Exercise instructions: Copy, word for word, the lines of the listing below from the line with "Đây là bản xem" up to and including the line with "2023年上半年,安国中药材". Drop the pictures.

Task data:
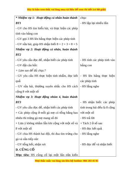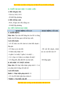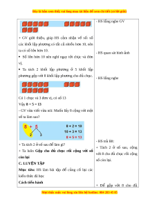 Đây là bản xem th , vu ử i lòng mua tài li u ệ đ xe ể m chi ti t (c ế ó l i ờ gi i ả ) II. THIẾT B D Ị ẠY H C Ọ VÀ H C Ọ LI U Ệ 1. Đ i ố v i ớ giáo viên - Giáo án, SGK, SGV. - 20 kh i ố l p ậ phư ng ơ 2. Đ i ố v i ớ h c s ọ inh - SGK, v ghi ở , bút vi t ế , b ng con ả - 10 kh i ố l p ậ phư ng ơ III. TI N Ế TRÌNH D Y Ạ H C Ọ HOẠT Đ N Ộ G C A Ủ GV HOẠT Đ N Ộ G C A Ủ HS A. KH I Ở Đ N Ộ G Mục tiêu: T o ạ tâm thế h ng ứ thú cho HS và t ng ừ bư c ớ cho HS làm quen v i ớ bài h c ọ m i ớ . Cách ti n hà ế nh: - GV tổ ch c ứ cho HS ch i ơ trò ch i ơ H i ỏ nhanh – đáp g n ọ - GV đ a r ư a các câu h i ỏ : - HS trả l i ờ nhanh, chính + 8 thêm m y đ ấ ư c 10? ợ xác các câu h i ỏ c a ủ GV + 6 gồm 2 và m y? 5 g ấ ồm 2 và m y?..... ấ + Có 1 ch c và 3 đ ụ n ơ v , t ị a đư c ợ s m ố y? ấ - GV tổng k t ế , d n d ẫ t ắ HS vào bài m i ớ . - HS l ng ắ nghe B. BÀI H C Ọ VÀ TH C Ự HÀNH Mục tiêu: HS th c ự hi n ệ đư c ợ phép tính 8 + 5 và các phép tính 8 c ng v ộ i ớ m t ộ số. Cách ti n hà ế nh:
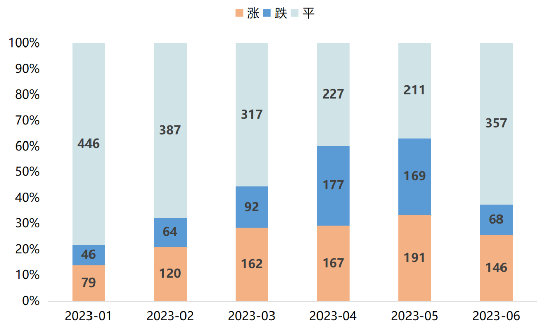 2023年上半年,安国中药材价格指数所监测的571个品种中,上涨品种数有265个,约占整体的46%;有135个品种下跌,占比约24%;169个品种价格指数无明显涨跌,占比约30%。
==
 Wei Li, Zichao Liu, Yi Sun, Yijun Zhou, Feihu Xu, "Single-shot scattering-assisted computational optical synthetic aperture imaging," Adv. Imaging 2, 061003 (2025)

Expected output:
 Đây là bản xem th , vu ử i lòng mua tài li u ệ đ xe ể m chi ti t (c ế ó l i ờ gi i ả ) II. THIẾT B D Ị ẠY H C Ọ VÀ H C Ọ LI U Ệ 1. Đ i ố v i ớ giáo viên - Giáo án, SGK, SGV. - 20 kh i ố l p ậ phư ng ơ 2. Đ i ố v i ớ h c s ọ inh - SGK, v ghi ở , bút vi t ế , b ng con ả - 10 kh i ố l p ậ phư ng ơ III. TI N Ế TRÌNH D Y Ạ H C Ọ HOẠT Đ N Ộ G C A Ủ GV HOẠT Đ N Ộ G C A Ủ HS A. KH I Ở Đ N Ộ G Mục tiêu: T o ạ tâm thế h ng ứ thú cho HS và t ng ừ bư c ớ cho HS làm quen v i ớ bài h c ọ m i ớ . Cách ti n hà ế nh: - GV tổ ch c ứ cho HS ch i ơ trò ch i ơ H i ỏ nhanh – đáp g n ọ - GV đ a r ư a các câu h i ỏ : - HS trả l i ờ nhanh, chính + 8 thêm m y đ ấ ư c 10? ợ xác các câu h i ỏ c a ủ GV + 6 gồm 2 và m y? 5 g ấ ồm 2 và m y?..... ấ + Có 1 ch c và 3 đ ụ n ơ v , t ị a đư c ợ s m ố y? ấ - GV tổng k t ế , d n d ẫ t ắ HS vào bài m i ớ . - HS l ng ắ nghe B. BÀI H C Ọ VÀ TH C Ự HÀNH Mục tiêu: HS th c ự hi n ệ đư c ợ phép tính 8 + 5 và các phép tính 8 c ng v ộ i ớ m t ộ số. Cách ti n hà ế nh:
 2023年上半年,安国中药材价格指数所监测的571个品种中,上涨品种数有265个,约占整体的46%;有135个品种下跌,占比约24%;169个品种价格指数无明显涨跌,占比约30%。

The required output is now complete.